Additional support for a role of EPAS1 in Tibetan adaptation came from the work of Bigham and colleagues (2010), who performed high-density (almost 1 million SNP) scans of genomes from natives of three regions of Tibet (ranging in altitude between 3000 and 4400 m). The data were analyzed in 1-megabase blocks, and 1 of the 14 blocks showing significant variation from the corresponding region in lowland East Asians (again, data from the HapMap) corresponded to the same region of chromosome 2 that contains EPAS1. A more-targeted examination of genes in the HIF and RAS pathways and the globin family identified EGLN1 as being positively selected for in the Tibetan population.
Further evidence for a role of EPAS1 and EGLN1 in Tibetan adaptation was provided by a study by Peng and colleagues (2010), who SNP-typed 50 individuals from seven Tibetan communities using the Affymetrix chip 6.0 array that was used by Bigham and colleagues (2010) and compared them to the HapMap (CHB; Chinese, Beijing) data. EPAS1 was one of many genes that underwent a selective sweep in Tibetans; and because it was identified by previous studies, Peng and colleages (2010) sequenced the EPAS1 gene in the same 50 Tibetans, showing that frequencies of 69 of 125 HapMap SNPs were significantly different between Tibetans and CHB/JPT (Japanese, Tokyo) populations. In addition, three polymorphisms from each of EPAS1, EGLN1, and PPARA were genotyped in 1334 Tibetans. Allele frequencies at all three EPAS1 SNPs, one of three EGLN1 SNPs, but none of the PPARA SNPs were significantly different between Tibetans and CHB/JPT, providing evidence for strong selection in EPAS1 and weak selection in EGLN1.

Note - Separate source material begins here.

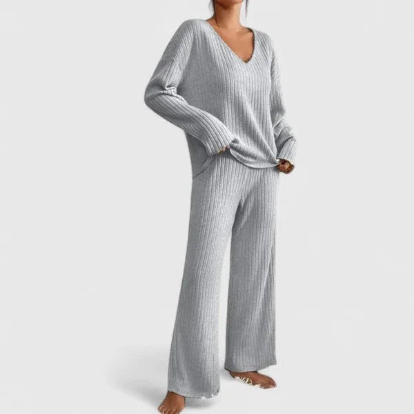 Elevate your at-home wardrobe with Annie's cozy knitted lounge set, featuring a soft V-neck sweater and wide-leg pants with a subtle ribbed texture. Designed for comfort and elegance, it’s perfect for slow mornings, work-from-home days, or casual errands in style.

Finally, Xu and colleagues (2010) compared genome-wide allele frequencies of Tibetans and Han Chinese and identified 6 EGLN1 and 25 EPAS1 SNPs among the top 0.0001% of SNPs with an FST >0.30. Each gene was located in a region shown to have greater than expected linkage disequilibrium and reduced haplotype diversity, consistent with a dominant haplotype and evidence of a selective sweep. The dominant haplotypes of these two genes were much more common in Tibetans than other populations throughout the world. Of, interest, the frequency of the dominant haplotype of EPAS1 and ELGN1 in East Asians correlated positively with altitude.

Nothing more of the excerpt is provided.